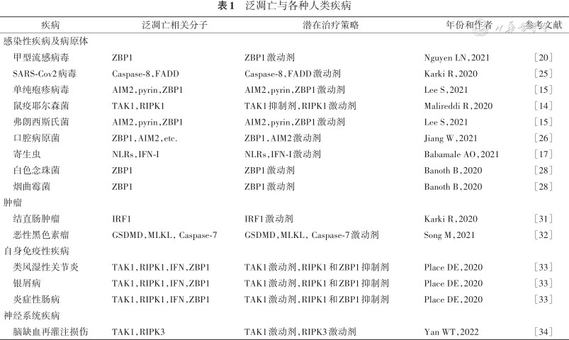 泛凋亡小体的组装以及泛凋亡的激活是机体有效防御外来病毒、细菌和真菌感染的一种自身保护性反应[17, 18]。泛凋亡概念的提出强调了分子精准化干预在疾病治疗学中的重要性,随着细胞PCD途径之间的界限变得越来越模糊,单一性地阻断或者干扰某一种死亡方式可能不会带来预期的治疗效果。目前阻断炎症细胞死亡的方法包括靶向传感器分子(如NLRP3),抑制酶促靶点(如RIPK1),以及中和下游细胞因子信号(如IL-1信号)等,然而这些抑制剂是特异性针对焦亡、凋亡和坏死性凋亡设计的,临床治疗效果并不理想。通过靶向干预泛凋亡上游信号传导通路、感受器或支架分子可以有效地阻断泛凋亡所属3种死亡方式的启动,这无疑为人类相关疾病的治疗带来新的选择[19](表1)。
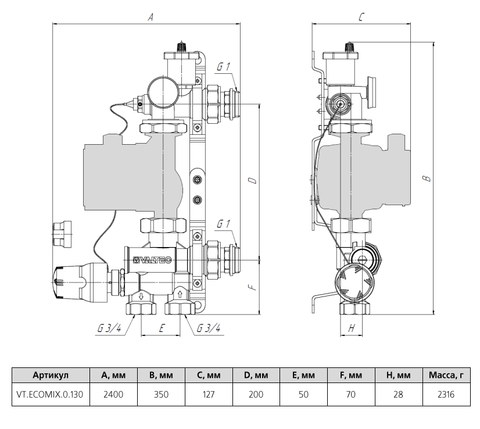 Насосно-смесительный узел Valtec VT.ECOMIX.0.130, без насоса 130 мм предназначенд для создания в системе отопления здания циркуляционного контура с пониженными параметрами теплоносителя относительно источника тепловой энергии.
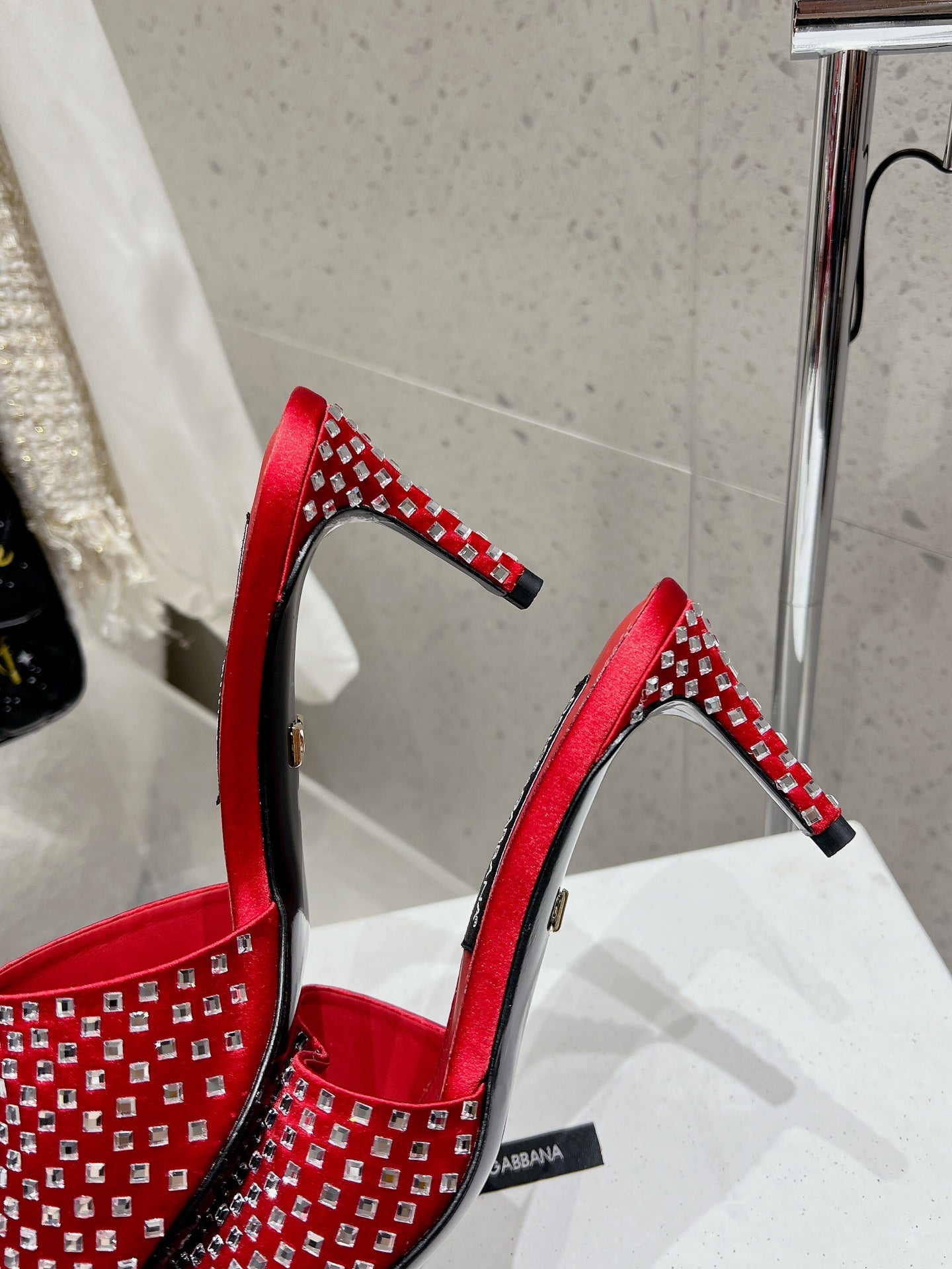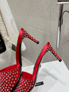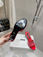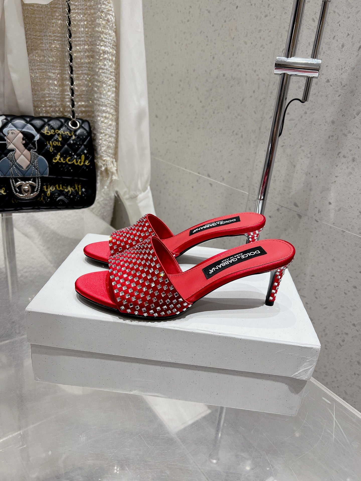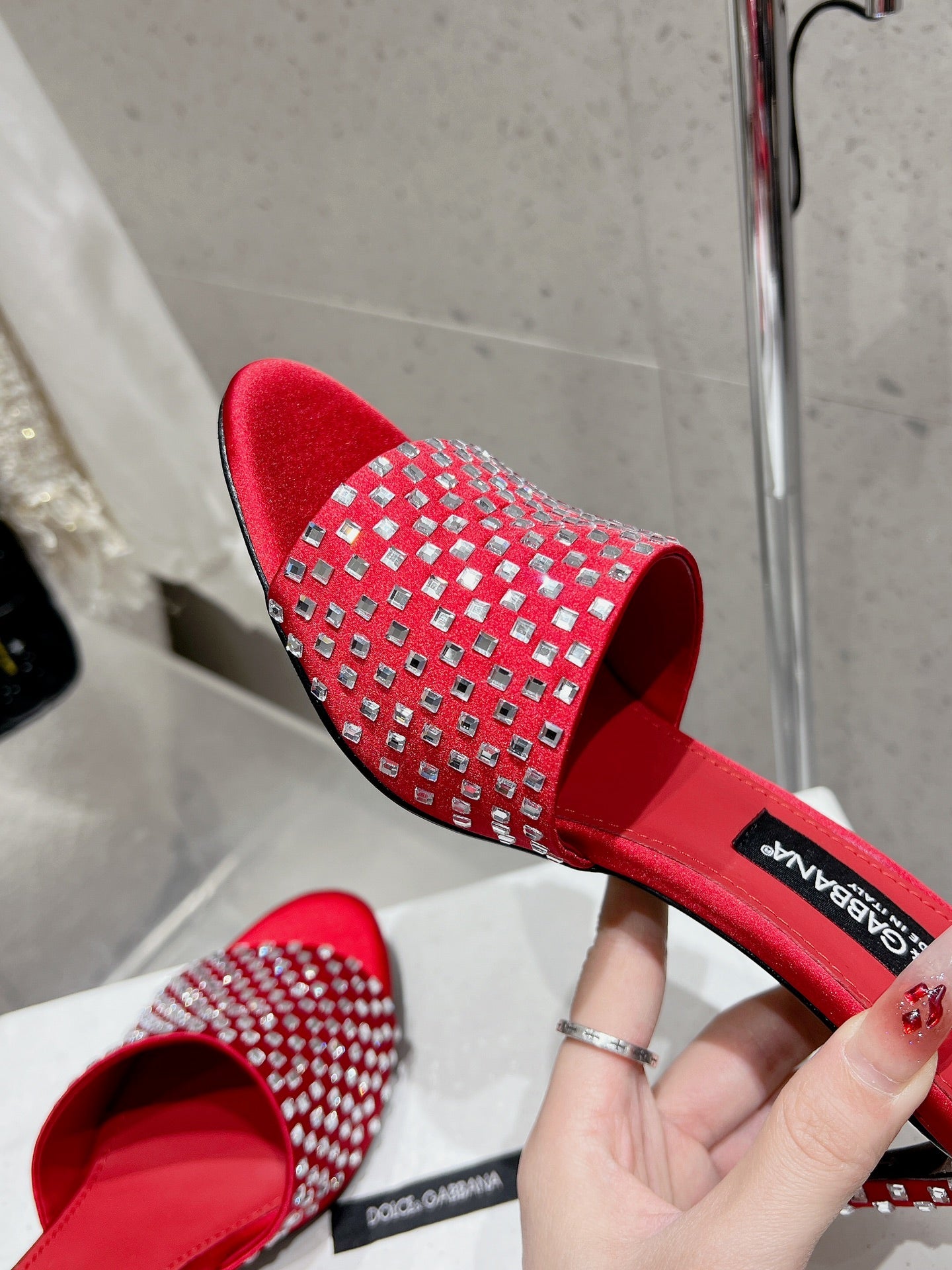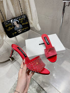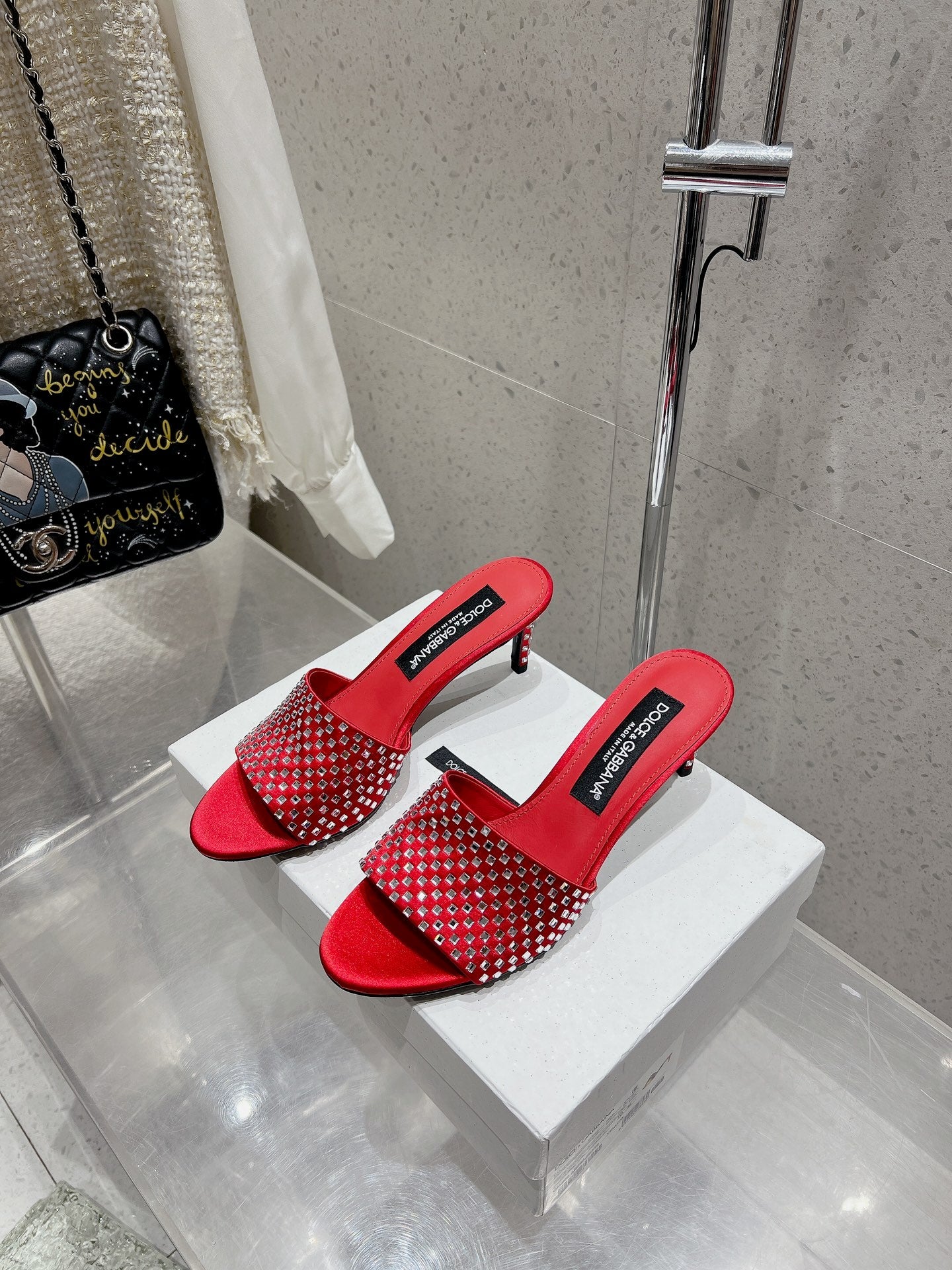 DC Rhinestone Mules 65mm Red Silk & Sheepskin 359515
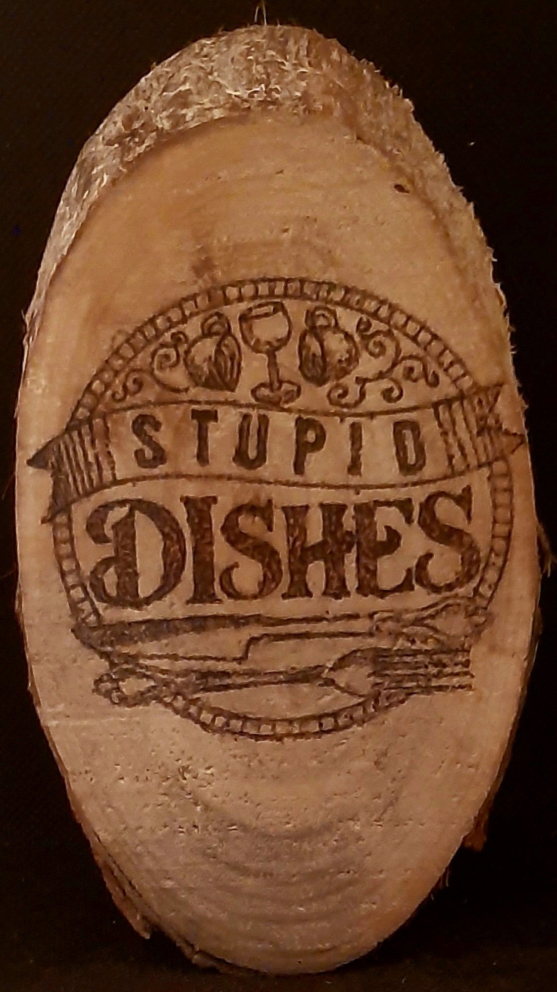 Tekstbordje gemaakt van een boomstamschijf, waar een toepasselijke tekst is op gebrand. De teksten gaan over voeding of de keuken. Aan de achterzijde is een ophanghaakje bevestigd.

════════

> WHAT IS BEING ASKED
Start with the line that holds "DC Rhinestone Mules" and retype each line through the last one in the data, exactly and without pictures.

> EXERCISE SOLUTION
 DC Rhinestone Mules 65mm Red Silk & Sheepskin 359515
 Tekstbordje gemaakt van een boomstamschijf, waar een toepasselijke tekst is op gebrand. De teksten gaan over voeding of de keuken. Aan de achterzijde is een ophanghaakje bevestigd.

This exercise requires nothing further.